IMO you need at least a json with code and message, the front will ignore the message for everything but testing and use the code to match a translation file that will get the proper message, making it easy to translate and change as needed without having to rebuild the whole backend along with front changes. You may also have an extra parameter there in some cases when you want to return where more specifically the error occurred or an array of errors. Status usually not needed as you can get those from the http code itself.
I’ve mistyped, I meant message in JSON body :)
I see, but the first example option having no code still makes it harder to translate and show the user, so my vote is for the option with a code and message in the json.
HTTP/1.1 403 UNAUTHORIZED { "error": { "status": "UNAUTHORIZED", "message": "Unauthorized access", }, }I would separate the status from the HTTP status.
- The HTTP status is great for reasonable default behaviours from clients.
- The application status can be used for adding more specific errors. (Is the access token expired, is your account blocked, is your organization blocked)
Even if you don’t need the status now, it is nice to have it if you want to add it in the future.
You can use a string or an integer as the status code, string is probably a bit more convenient for easy readability.
The message should be something that could be sent directly to the user, but mostly helpful to developers.
Anything but the last one. Don’t duplicate the http code in the body, else you’re now maintaining something you don’t need to maintain.

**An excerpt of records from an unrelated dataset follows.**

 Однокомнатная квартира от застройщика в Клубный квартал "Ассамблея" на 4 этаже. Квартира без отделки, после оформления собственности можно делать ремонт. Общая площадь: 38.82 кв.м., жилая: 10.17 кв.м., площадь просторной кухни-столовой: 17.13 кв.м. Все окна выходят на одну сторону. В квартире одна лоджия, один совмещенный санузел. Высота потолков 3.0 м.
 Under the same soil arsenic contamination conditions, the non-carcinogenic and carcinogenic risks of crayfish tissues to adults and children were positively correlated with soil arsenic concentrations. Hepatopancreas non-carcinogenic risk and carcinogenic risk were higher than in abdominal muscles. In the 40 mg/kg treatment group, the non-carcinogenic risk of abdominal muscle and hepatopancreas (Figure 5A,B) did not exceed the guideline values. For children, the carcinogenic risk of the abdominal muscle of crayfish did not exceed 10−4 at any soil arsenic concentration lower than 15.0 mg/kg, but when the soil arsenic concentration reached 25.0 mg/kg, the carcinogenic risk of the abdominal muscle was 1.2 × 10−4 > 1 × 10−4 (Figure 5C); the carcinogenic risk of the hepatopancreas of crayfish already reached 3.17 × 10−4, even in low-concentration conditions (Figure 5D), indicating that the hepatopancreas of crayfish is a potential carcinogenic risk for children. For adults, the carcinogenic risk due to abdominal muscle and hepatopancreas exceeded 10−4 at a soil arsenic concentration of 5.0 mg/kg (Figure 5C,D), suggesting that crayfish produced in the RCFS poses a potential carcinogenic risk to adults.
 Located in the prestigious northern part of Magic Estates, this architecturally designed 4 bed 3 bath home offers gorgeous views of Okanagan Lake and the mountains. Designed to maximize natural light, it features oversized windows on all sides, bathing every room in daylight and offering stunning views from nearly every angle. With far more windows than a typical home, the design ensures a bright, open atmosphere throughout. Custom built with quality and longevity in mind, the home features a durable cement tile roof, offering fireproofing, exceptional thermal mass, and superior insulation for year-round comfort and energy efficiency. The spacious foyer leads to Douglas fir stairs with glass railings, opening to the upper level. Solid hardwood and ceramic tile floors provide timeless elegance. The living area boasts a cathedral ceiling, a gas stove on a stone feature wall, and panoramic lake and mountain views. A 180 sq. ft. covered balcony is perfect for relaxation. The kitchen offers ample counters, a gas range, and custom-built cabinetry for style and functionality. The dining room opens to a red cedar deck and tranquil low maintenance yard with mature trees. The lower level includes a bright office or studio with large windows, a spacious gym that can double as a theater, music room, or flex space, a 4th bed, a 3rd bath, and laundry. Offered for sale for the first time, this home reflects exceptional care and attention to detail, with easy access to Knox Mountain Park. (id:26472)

I’m not a fan of codes that repeat information in the body either, but I think if you had used a different example like “INVALID_BLAH” or something then the message covered what was invalid, then it would be fine. Like someone else said, the error data should be in an object as well, so that you don’t have to use polymorphism to figure out whether it’s an error or not. That also allows partially complete responses, e.g. data returns, along with an error.
I really like the fifth one. So you might always get a surprise message in your response
My favourite is when every error is an HTTP Bad Request with no body. Absolutely wonderful to use those APIs
1 or 3; maybe 4.
With several assumptions made, ultimately, they’re asking for json, and we should still return json, but what that looks like is up to you. It should be static enough that the person on the other end can write:
If json.grtnode(error) == "unauthorized access" Do stuffIfnyour going to be changing the text with some regularity to contain relevant information for the error (eg, an item ID, that is now invalid), then consider a code/text and additional fields.

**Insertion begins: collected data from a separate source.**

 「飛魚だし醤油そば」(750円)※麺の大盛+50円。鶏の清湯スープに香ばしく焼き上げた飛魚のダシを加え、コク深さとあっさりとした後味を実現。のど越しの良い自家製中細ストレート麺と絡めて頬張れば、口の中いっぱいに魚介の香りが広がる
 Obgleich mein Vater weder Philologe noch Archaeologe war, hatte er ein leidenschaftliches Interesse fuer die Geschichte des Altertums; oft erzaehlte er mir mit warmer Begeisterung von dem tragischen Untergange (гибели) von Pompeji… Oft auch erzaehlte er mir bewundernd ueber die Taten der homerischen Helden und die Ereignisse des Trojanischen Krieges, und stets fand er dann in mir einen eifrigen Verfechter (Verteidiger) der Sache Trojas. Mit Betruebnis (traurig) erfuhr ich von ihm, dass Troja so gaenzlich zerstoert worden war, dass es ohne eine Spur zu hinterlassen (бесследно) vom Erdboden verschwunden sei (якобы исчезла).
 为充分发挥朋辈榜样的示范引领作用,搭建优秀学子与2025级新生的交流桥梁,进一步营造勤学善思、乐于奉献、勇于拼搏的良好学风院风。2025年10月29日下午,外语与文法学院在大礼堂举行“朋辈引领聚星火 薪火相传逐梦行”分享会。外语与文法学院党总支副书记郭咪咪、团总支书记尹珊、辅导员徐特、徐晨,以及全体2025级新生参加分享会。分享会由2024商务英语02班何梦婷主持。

The clown, but flipped with a
successfield. If it is true then command succeeded, if it false something was wrong and there should be anerrorfield as well.HTTP codes should be used for the actual transport, not shoe-horned to fit the data. I know not everyone will agree with this, but we don’t have to.

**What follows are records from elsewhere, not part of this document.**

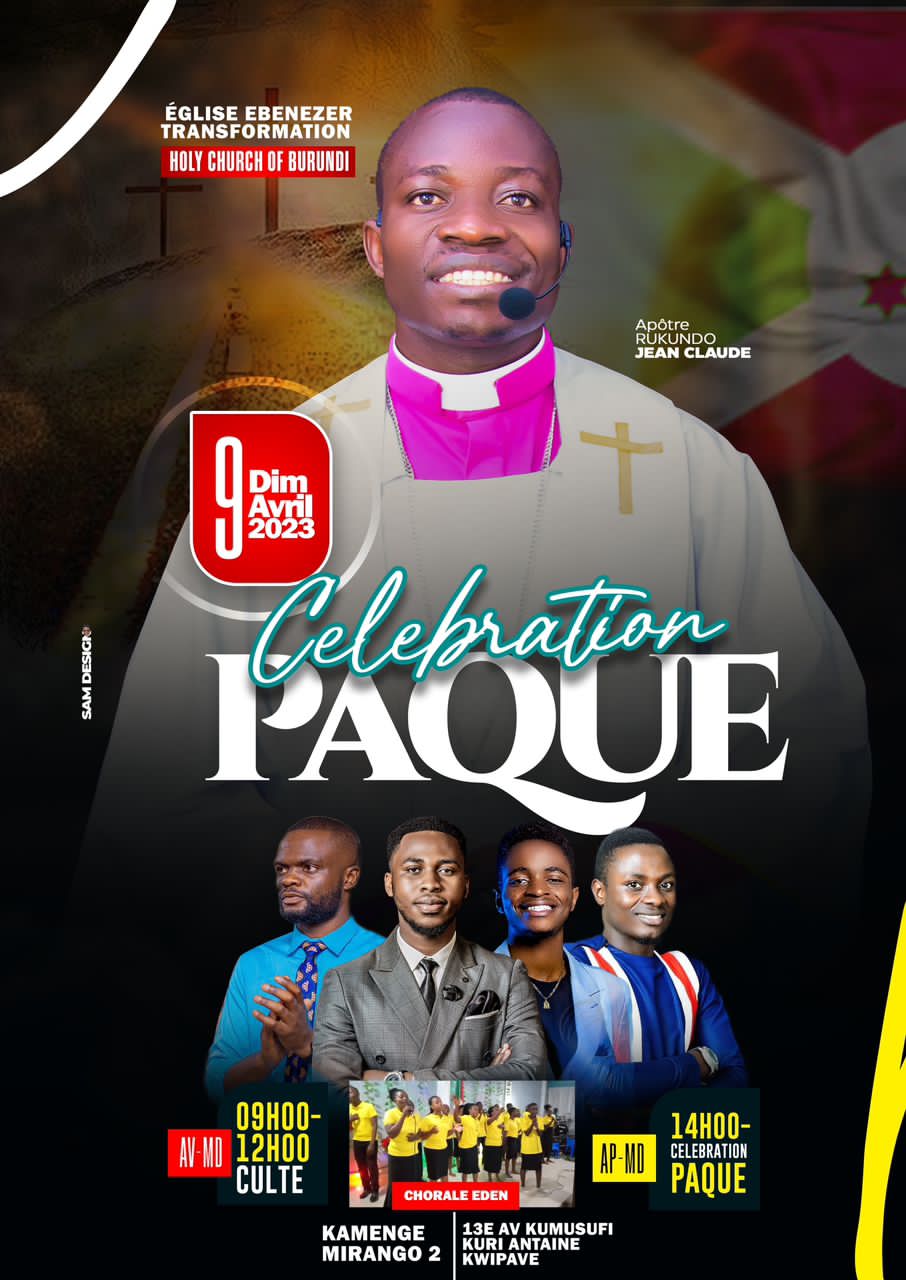 Umwungere Mukuru w’ishengero rya Ebenezer Transformation Holy Church of Burundi, Apôtre RUKUNDO Claude, aratumira abantu bose kuzoba mu gikorane c’umusi umwe wa Pasika aho azoba ari umusi udasanzwe ku buzima bw’umukristo wese uyo musi aho bazoba bibuka umusi w’urupfu no kuzuka kw’umwami Yesu Kristo.
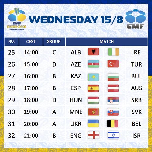 Повний розклад матчів четвертого дня міні-футбольного Євро-2018 нижче (час - європейський, +1 година для визначення київського часу).
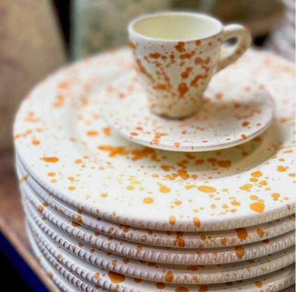 While this look isn't new, it has evolved over the last few years. Along with loose, hand-brushed pattern and naive geometrics, it would seem that the speckle trend is here to stay. Enthusiastically splattered colour brings the fun to everyday dishes.
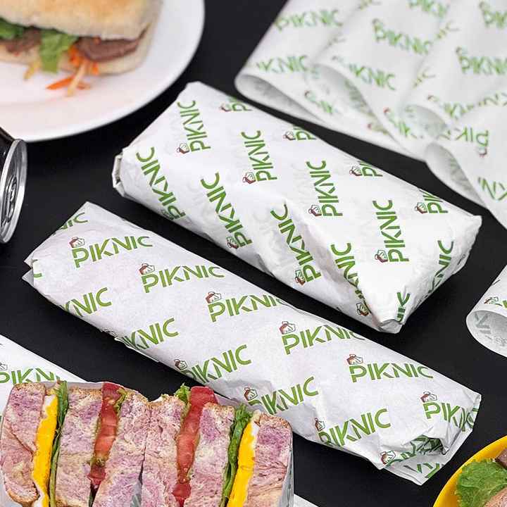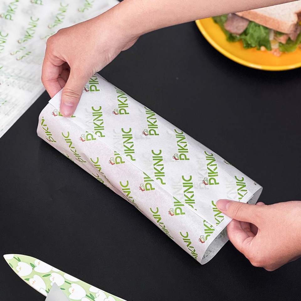 Custom Printed Coated Eco-Friendly Greaseproof Food Grade Wrapping Paper for Sandwich Burger Dessert Bread Recyclable Wax
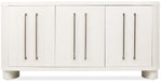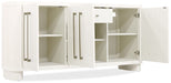 A curvaceous silhouette meets functional elegance in the Bar None Credenza. With soft-close doors, a silverware tray, and ample hidden storage, this piece shines in a crisp white finish over figured maple veneers—perfect for dining rooms or living spaces.
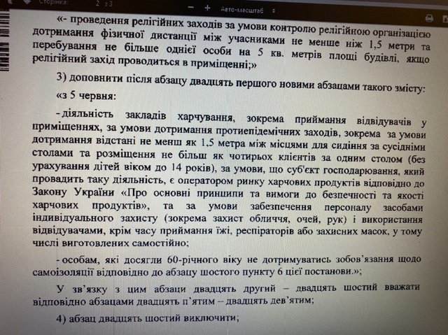 - проведення релігійних заходів просто неба за умови дотримання фізичної дистанції між учасниками не менше ніж 1,5 метра та у приміщенні за умови перебування не більше 1 особи на 5 кв. м;
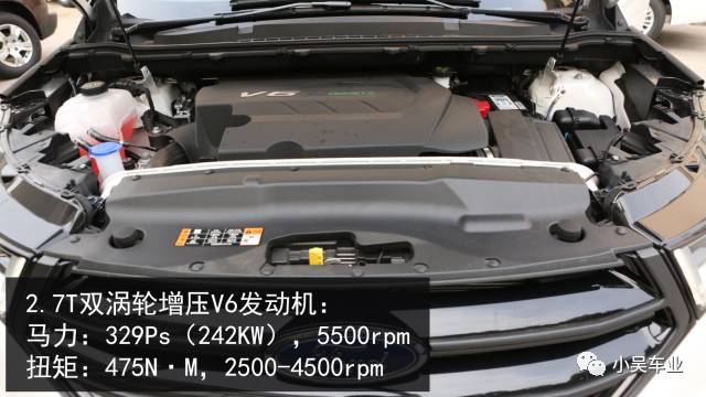 再加上两颗涡轮的加持,这台六缸机能爆发出329匹的马力和475牛米的扭矩,从数据上看挺带劲的,拉动锐界这台大块头已经绰绰有余。
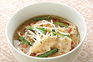 もやしと豆腐の担々風ごま味噌スープオリジナルレシピスチームオーブンレンジ26Lアイリスオーヤマ。

The transport is usually TCP/IP tho. But nowadays QUIC is trying to make it UDP. HTTP is specifically an Application Layer Protocol from OSI model
What I meant was that if you are returning 404 for example when a user doesn’t exist. You can’t tell if the user doesn’t exist or someone changed the API to remove the endpoint.
But forcing HTTP codes without a moment to think it through seems to be the new fad.
I like the fourth or the last one since it encourages all other error responses to follow a similar standard. That will allow the client to have a reusable error model and error checking.
I’ve had to use APIs where every response was 200 ok with json, 400 bad request with pain text that said unauthorized, or a 500 error that returned an HTML error page. The worst.